Seeing With Your Ears

By ALISON MOTLUK
Published: December 11, 2005

Seeing is something that most of us expect to do with our eyes. But what if you are born blind or lose your sight later in life? Peter Meijer suggests you consider seeing with your ears instead.

Illustration by +ISM for The New York Times
Illustration by +ISM

A camera scans the visual field. The images are converted into a soundscape by the computer. How the sounds might "look": a brightness represented by volume; elevation is represented by pitch.

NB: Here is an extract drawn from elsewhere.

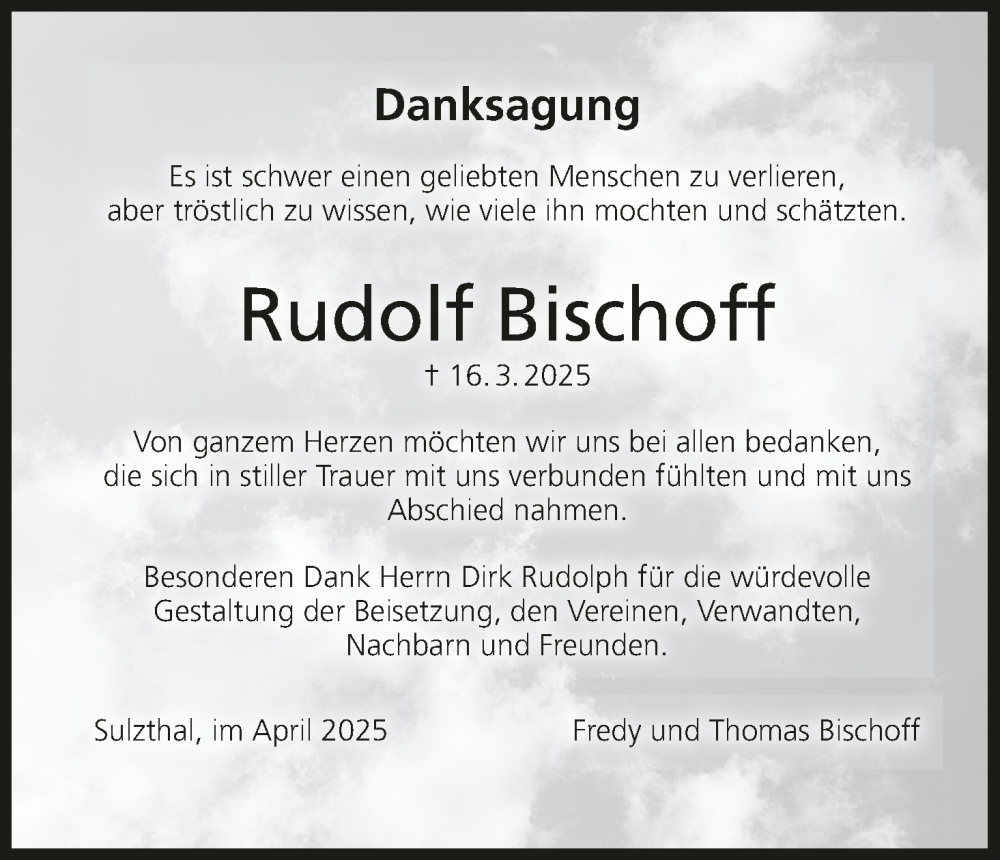 Hier finden Sie alle Traueranzeigen aus der Zeitung, die bisher für Rudolf Bischoff erschienen sind. Weitere Traueranzeigen, die in der Zeitung erscheinen, werden hier ebenfalls aufgelistet

Meijer, a research scientist in the Netherlands, has developed a technology called The vOICe, which allows you to represent visual information - to "see" - with sounds. The device is a tiny camera, a laptop and headphones. The camera is mounted on your head and the laptop takes the video input and converts it into auditory information, or soundscapes. The scene in front of you is scanned in stereo: you hear objects on your left through your left ear and objects on your right through your right ear. Brightness is translated as volume: bright things are louder. Pitch tells you what's up and what's down. The image refreshes once a second.

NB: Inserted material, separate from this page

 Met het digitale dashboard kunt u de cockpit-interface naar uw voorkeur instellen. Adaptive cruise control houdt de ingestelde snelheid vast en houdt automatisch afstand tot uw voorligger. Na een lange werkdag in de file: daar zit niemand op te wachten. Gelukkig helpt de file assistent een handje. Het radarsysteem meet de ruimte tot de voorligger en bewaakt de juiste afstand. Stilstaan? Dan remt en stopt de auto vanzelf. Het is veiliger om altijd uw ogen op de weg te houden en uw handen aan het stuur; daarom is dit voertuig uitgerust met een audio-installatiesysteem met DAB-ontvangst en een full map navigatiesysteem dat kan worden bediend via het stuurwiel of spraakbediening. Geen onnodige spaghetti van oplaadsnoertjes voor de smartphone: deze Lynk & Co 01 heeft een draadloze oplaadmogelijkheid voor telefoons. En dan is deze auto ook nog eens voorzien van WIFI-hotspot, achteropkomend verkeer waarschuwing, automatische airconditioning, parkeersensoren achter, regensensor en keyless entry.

With practice, Meijer says, you can learn to sense instinctively how the features of a soundscape correspond to objects in the physical world. Pat Fletcher, for instance, a proficient user of The vOICe who could see until age 21, describes the grayscale images in her head as "ghostly" but real. At a meeting of the Cognitive Neuroscience Society in New York in April, researchers from Harvard Medical School announced that when they viewed the activity in the brains of two vOICe users (one blind at birth, the other who went blind later in life), it was in many respects like that of a sighted person while seeing.

Not everyone has the inclination to kit themselves out with a head-mounted camera and a laptop. Fortunately, with the help of an enterprising Bulgarian software company, Meijer has rejiggered his setup to work using one of the most ubiquitous gadgets of our day: the camera phone. Now, after downloading a simplified version of the software, practically anyone can point her camera phone at what she wants to see and have a listen to what it looks like.

Source URL of original publication appearing online on December 11, 2005:
http://www.nytimes.com/indexes/2005/12/11/magazine/ ("Seeing With Your Ears" link)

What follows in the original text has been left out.